- **Input material**:
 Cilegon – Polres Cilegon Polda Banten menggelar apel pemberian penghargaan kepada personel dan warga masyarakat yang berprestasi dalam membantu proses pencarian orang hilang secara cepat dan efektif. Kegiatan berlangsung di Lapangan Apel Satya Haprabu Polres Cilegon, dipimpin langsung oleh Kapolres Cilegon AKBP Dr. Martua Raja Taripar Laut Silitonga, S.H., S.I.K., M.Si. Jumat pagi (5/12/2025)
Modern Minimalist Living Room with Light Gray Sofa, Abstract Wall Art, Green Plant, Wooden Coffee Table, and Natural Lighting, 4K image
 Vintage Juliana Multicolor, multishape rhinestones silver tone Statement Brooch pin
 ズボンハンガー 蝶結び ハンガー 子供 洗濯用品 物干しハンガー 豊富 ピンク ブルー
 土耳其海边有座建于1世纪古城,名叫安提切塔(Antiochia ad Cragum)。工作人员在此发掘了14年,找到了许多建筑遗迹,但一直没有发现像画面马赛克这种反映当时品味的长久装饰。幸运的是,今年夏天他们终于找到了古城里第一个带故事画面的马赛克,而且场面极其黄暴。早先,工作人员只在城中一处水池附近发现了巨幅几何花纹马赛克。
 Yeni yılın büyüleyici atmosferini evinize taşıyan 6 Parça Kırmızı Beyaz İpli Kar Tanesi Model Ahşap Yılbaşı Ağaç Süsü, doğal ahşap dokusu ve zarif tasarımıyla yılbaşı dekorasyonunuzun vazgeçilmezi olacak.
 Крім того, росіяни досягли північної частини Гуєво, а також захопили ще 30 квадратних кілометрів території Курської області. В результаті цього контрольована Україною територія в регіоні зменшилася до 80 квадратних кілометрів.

---

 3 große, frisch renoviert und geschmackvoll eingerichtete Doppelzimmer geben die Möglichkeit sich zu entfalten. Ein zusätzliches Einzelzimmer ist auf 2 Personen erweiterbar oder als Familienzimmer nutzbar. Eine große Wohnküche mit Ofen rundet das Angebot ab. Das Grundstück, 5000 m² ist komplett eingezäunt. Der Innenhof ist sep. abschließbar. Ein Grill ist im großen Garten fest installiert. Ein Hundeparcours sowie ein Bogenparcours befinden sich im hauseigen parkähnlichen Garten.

- **Your goal**:
Reproduce, exactly as they stand in the data above, the lines from the one that holds "Cilegon – Polres" to the one that holds "Крім того, росіяни", inclusive.

- **Answer for the task**:
 Cilegon – Polres Cilegon Polda Banten menggelar apel pemberian penghargaan kepada personel dan warga masyarakat yang berprestasi dalam membantu proses pencarian orang hilang secara cepat dan efektif. Kegiatan berlangsung di Lapangan Apel Satya Haprabu Polres Cilegon, dipimpin langsung oleh Kapolres Cilegon AKBP Dr. Martua Raja Taripar Laut Silitonga, S.H., S.I.K., M.Si. Jumat pagi (5/12/2025)
Modern Minimalist Living Room with Light Gray Sofa, Abstract Wall Art, Green Plant, Wooden Coffee Table, and Natural Lighting, 4K image
 Vintage Juliana Multicolor, multishape rhinestones silver tone Statement Brooch pin
 ズボンハンガー 蝶結び ハンガー 子供 洗濯用品 物干しハンガー 豊富 ピンク ブルー
 土耳其海边有座建于1世纪古城,名叫安提切塔(Antiochia ad Cragum)。工作人员在此发掘了14年,找到了许多建筑遗迹,但一直没有发现像画面马赛克这种反映当时品味的长久装饰。幸运的是,今年夏天他们终于找到了古城里第一个带故事画面的马赛克,而且场面极其黄暴。早先,工作人员只在城中一处水池附近发现了巨幅几何花纹马赛克。
 Yeni yılın büyüleyici atmosferini evinize taşıyan 6 Parça Kırmızı Beyaz İpli Kar Tanesi Model Ahşap Yılbaşı Ağaç Süsü, doğal ahşap dokusu ve zarif tasarımıyla yılbaşı dekorasyonunuzun vazgeçilmezi olacak.
 Крім того, росіяни досягли північної частини Гуєво, а також захопили ще 30 квадратних кілометрів території Курської області. В результаті цього контрольована Україною територія в регіоні зменшилася до 80 квадратних кілометрів.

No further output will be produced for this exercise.